> **SUPPLIED DATA**
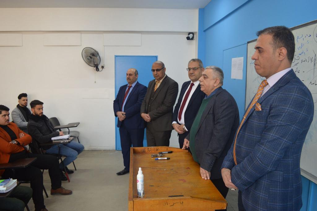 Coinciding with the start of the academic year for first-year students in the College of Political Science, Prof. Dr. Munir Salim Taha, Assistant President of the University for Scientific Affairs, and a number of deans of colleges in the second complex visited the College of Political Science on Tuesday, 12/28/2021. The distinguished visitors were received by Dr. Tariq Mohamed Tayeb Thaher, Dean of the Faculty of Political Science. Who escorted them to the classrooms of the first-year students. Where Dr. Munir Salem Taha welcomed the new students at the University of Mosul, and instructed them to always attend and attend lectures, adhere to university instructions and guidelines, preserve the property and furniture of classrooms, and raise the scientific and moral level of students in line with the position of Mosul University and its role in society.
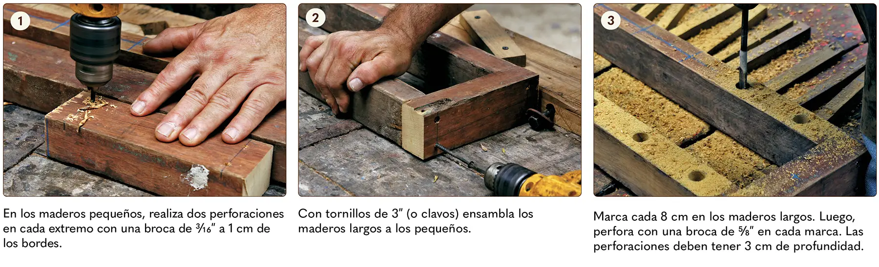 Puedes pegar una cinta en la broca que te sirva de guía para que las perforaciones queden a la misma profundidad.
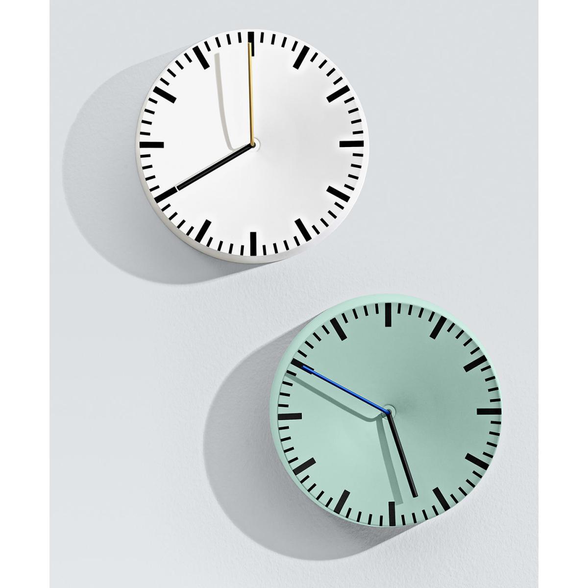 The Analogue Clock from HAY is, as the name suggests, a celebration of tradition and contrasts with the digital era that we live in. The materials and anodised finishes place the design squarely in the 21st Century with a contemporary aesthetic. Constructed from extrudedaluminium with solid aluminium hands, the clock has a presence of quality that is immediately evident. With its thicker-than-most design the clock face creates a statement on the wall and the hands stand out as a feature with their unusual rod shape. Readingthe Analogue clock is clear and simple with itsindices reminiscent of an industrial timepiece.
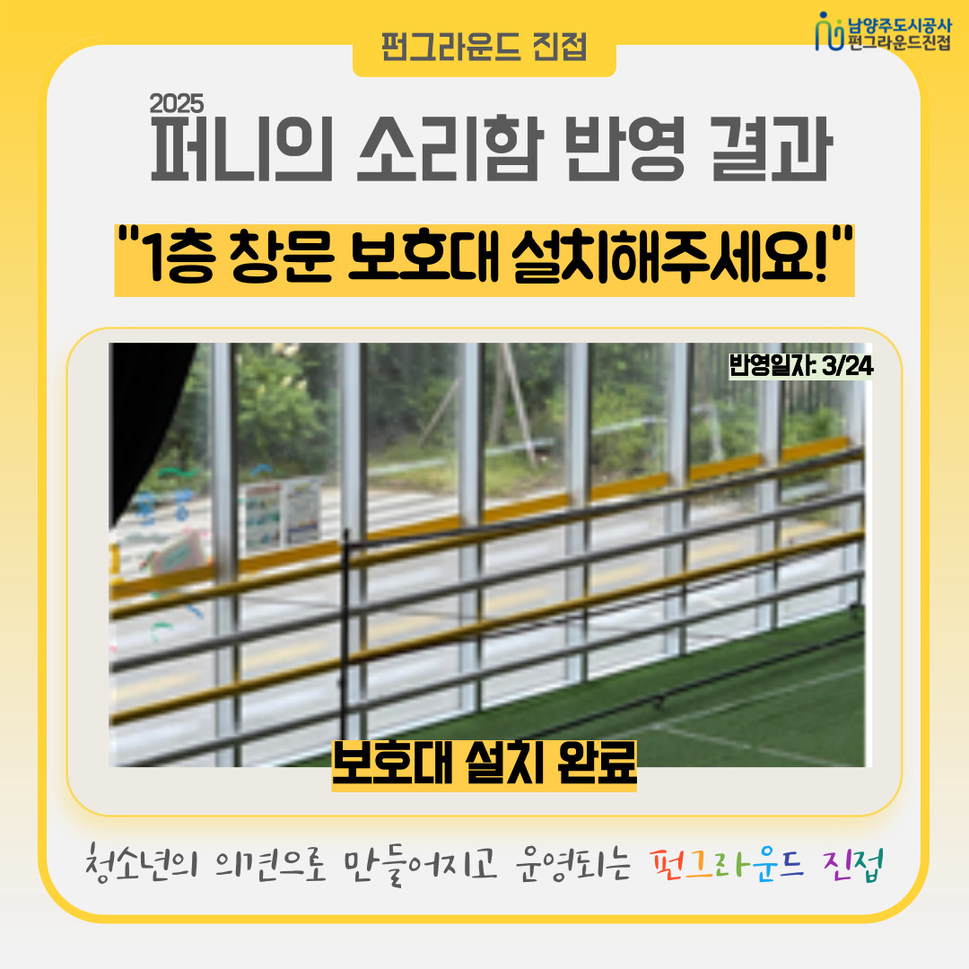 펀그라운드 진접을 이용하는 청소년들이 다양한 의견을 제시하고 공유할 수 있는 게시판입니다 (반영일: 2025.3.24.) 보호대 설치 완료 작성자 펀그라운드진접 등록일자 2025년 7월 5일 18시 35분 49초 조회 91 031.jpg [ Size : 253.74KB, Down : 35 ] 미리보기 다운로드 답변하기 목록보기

> **THE PROBLEM**
Only the lines from the one with "The Analogue Clock from" through the last line above belong in the answer. Reproduce them exactly, without the pictures.

> **FINAL ANSWER**
 The Analogue Clock from HAY is, as the name suggests, a celebration of tradition and contrasts with the digital era that we live in. The materials and anodised finishes place the design squarely in the 21st Century with a contemporary aesthetic. Constructed from extrudedaluminium with solid aluminium hands, the clock has a presence of quality that is immediately evident. With its thicker-than-most design the clock face creates a statement on the wall and the hands stand out as a feature with their unusual rod shape. Readingthe Analogue clock is clear and simple with itsindices reminiscent of an industrial timepiece.
 펀그라운드 진접을 이용하는 청소년들이 다양한 의견을 제시하고 공유할 수 있는 게시판입니다 (반영일: 2025.3.24.) 보호대 설치 완료 작성자 펀그라운드진접 등록일자 2025년 7월 5일 18시 35분 49초 조회 91 031.jpg [ Size : 253.74KB, Down : 35 ] 미리보기 다운로드 답변하기 목록보기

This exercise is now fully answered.